Question: In Problems 15to 18, use the given solutions of the homogeneous equation to find a particular solution of the given equation. You can do this either by the Green function formulas in the text or by the method of variation of parameters in Problem 14b.

$\left(x^2+1\right){\mathit{y}}^{\mathbf{\text{'}}\mathbf{\text{'}}}\mathbf{-}\mathbf{2}\mathit{x}{\mathit{y}}^{\mathbf{\text{'}}}\mathbf{+}\mathbf{2}\mathit{y}\mathbf{=}{\left(x^2+1\right)}^{\mathbf{2}}\mathbf{;}\mathit{x}\mathbf{,}\mathbf{1}\mathbf{-}{\mathit{x}}^{\mathbf{2}}$

The given parameters are$x,1-x^2$

Homogeneous equation: A homogeneous function of x and y of degree nmeans a function can be written as${\mathit{x}}^{\mathbf{n}}\mathit{f}\left(\frac{y}{x}\right)$

$\mathit{P}\mathbf{(}\mathit{x}\mathbf{,}\mathit{y}\mathbf{)}\mathit{d}\mathit{x}\mathbf{+}\mathit{Q}\mathbf{(}\mathit{x}\mathbf{,}\mathit{y}\mathbf{)}\mathit{d}\mathit{y}\mathbf{=}\mathbf{0}$

Where Pand Qare homogeneous function of the same degree is called homogeneous.

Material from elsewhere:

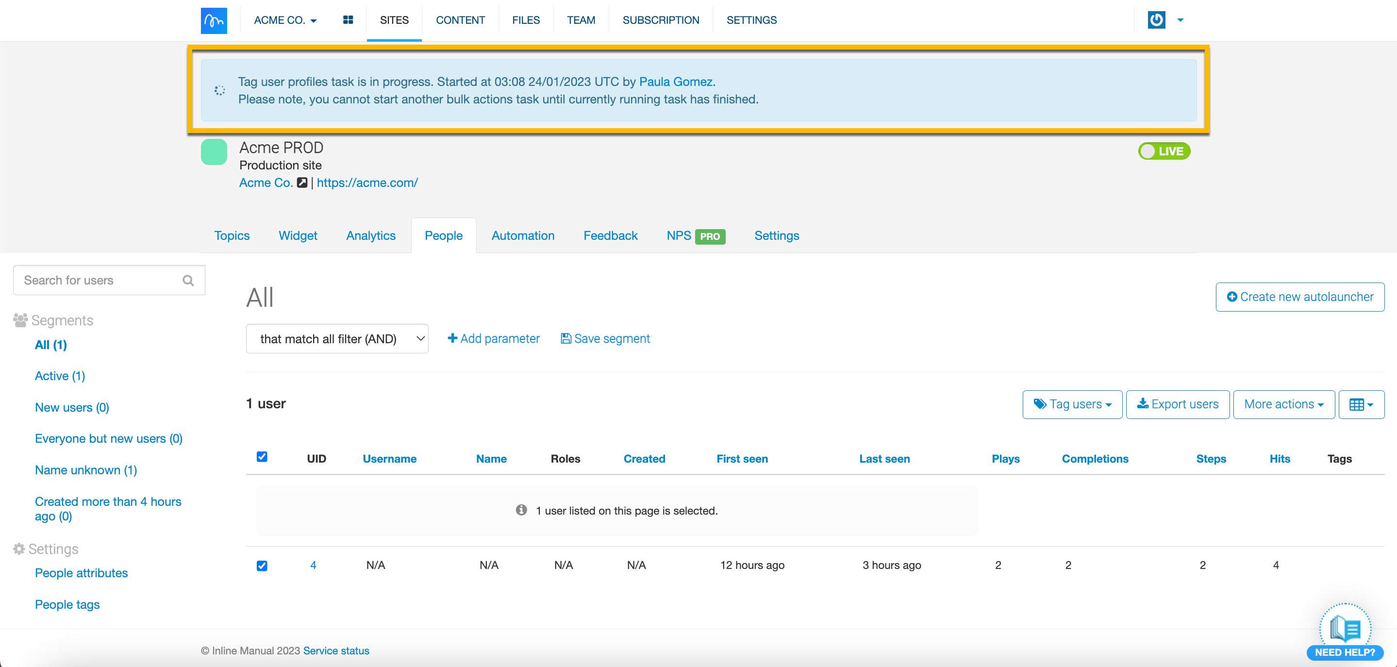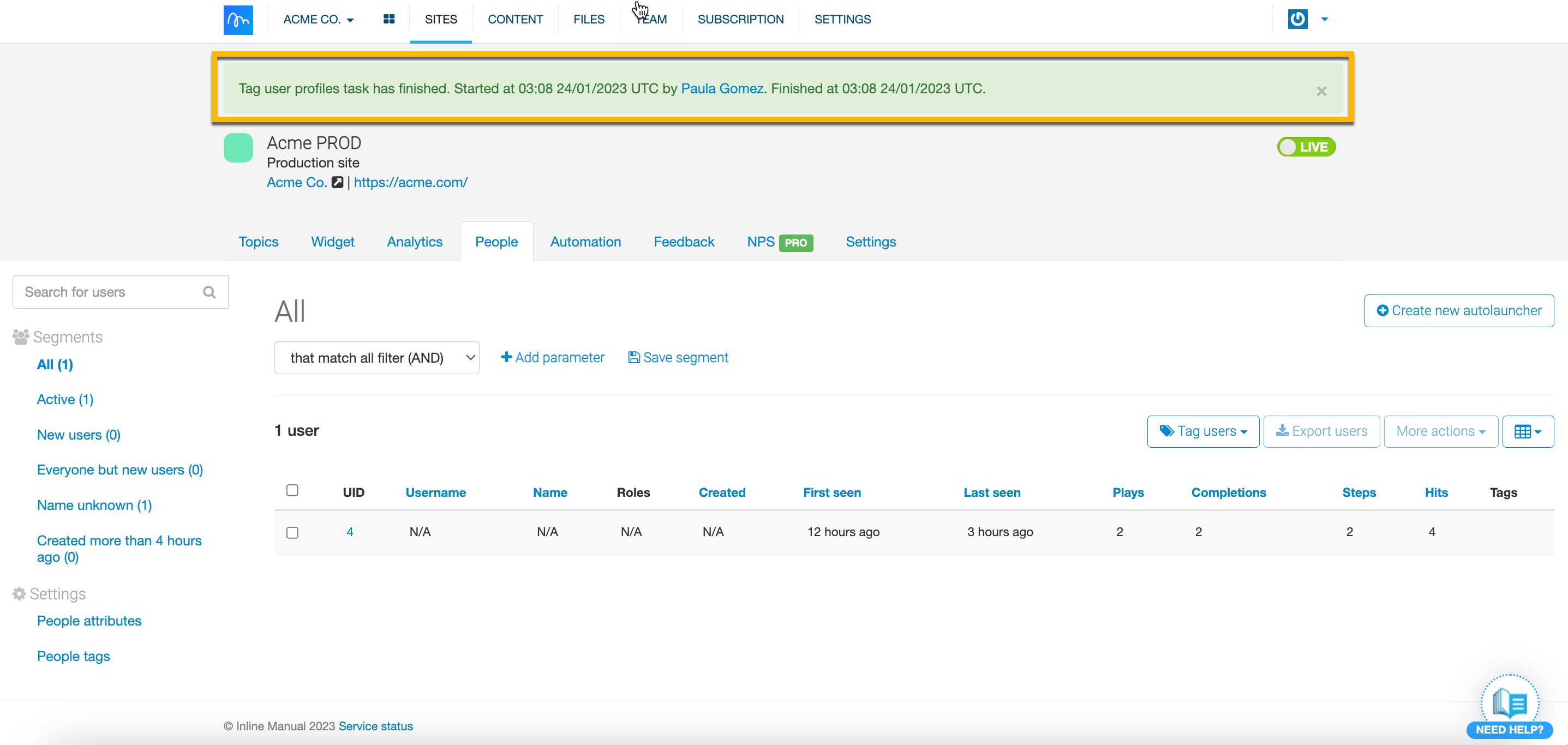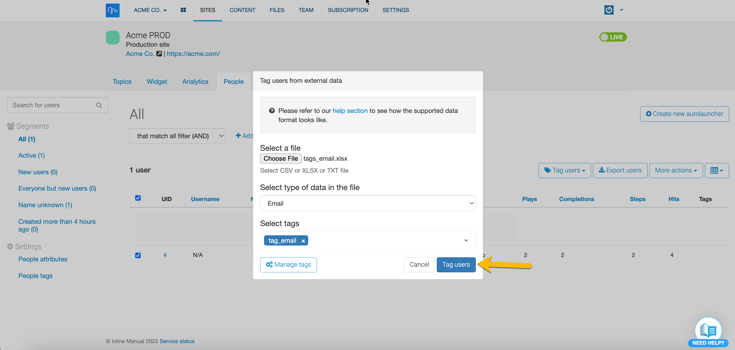 We can achieve this by combining features, including Tags and Autolaunchers. For this guide you will requiere to have people tracking enabled, at least one Feedback and Walkthrough Topic created within your Site, an Autolauncher, at least one Tag and lastly, you will need access to Excel or other Spreadsheet software. Follow the steps below to target users based on Feedback results.
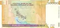 طرح پشت این اسکناس نقشه ایران با تأکید بر نام خلیج فارس به انگلیسی در پایین آن است و در گوشه نقشه ایران نماد انرژی هستهای به چشم میخورد که در آن یکی از احادیث پیامبر اسلام به زبان فارسی و با خط شکسته نستعلیق بدین مضمون چاپ شدهاست:. دانش اگر در ثریا هم باشد مردانی از سرزمین پارس بر آن دست خواهند یافت. [1][2][3][4]

The impulse response of an inhomogeneous linear differential operator defined on a domain with specified initial or boundary conditions is known as a green’s function.

The given equation is.

$\begin{array}{c}{y}^{\text{'}\text{'}}-\frac{2x}{\left(x^2+1\right)}\cdot y^{\text{'}}+\frac{2}{\left(x^2+1\right)}y=\left(x^2+1\right)\\ y^{\text{'}\text{'}}+p\left(x\right)y^{\text{'}}+Q\left(x\right)y=R\left(x\right)\end{array}$

The parameters $x,1-x^2$are solutions of homogeneous equations.

$\begin{array}{l}{y}_c=C_{1}x+C_{2}1-x^2\\ y_c=C_{1}u+C_{2}v\end{array}$

The particular solution is.

$y_p=Au+Bv$

The value of coefficient A is

$\begin{array}{l}A=-\int \frac{vR}{u{v}^{\text{'}}-v{u}^{\text{'}}}dx\\ A=-\int \frac{\left(1-x^2\right)\left(1+x^2\right)}{\left(x\right){\left(1-x^2\right)}^{\text{'}}-{\left(x\right)}^{\text{'}}\left(1-x^2\right)}dx\\ A=-\int \frac{\left(1-x^2\right)\left(1+x^2\right)}{\left(x\right)(0-2x)-1.\left(1-x^2\right)}dx\\ A=-\int \frac{\left(1-x^2\right)\left(1+x^2\right)}{-2x^2-1+x^2}dx\end{array}$

Solve the equation further

$\begin{array}{l}A=-\int \left(1-x^2\right)dx\\ A=x-\frac{x^3}{3}\end{array}$

The value of coefficient B is

$\begin{array}{l}B=-\int \frac{uR}{u{v}^{\text{'}}-v{u}^{\text{'}}}dx\\ B=-\int \frac{x\left(1+x^2\right)}{-\left(1+x^2\right)}dx\\ B=-\int -xdx\\ B=-\frac{x^2}{2}\end{array}$

Substitute the value in a particular solution.

$\begin{array}{l}{y}_p=Au+Bv\\ y_p=\left(x-\frac{x^3}{3}\right)x-\frac{x^2}{2}\left(1-x^2\right)\\ y_p=x^2-\frac{x^4}{3}-\frac{x^2}{2}+\frac{x^4}{2}\\ y_p=\frac{x^2}{2}+\frac{1}{6}{x}^4\end{array}$

The value of the general equation is.

$\begin{array}{l}y=y_c+y_p\\ y=C_{1}x+C_2\left(1-x^2\right)+\frac{x^2}{2}+\frac{1}{6}{x}^4\end{array}$

Thus, the general solution of is _{$\left(x^2+1\right)y^{\text{'}\text{'}}-2x{y}^{\text{'}}+2y={\left(x^2+1\right)}^2$}

_{$y=C_{1}x+C_2\left(1-x^2\right)+\frac{x^2}{2}+\frac{1}{6}{x}^4$}

and particular solution is $y_p=\frac{x^2}{2}+\frac{1}{6}{x}^4$.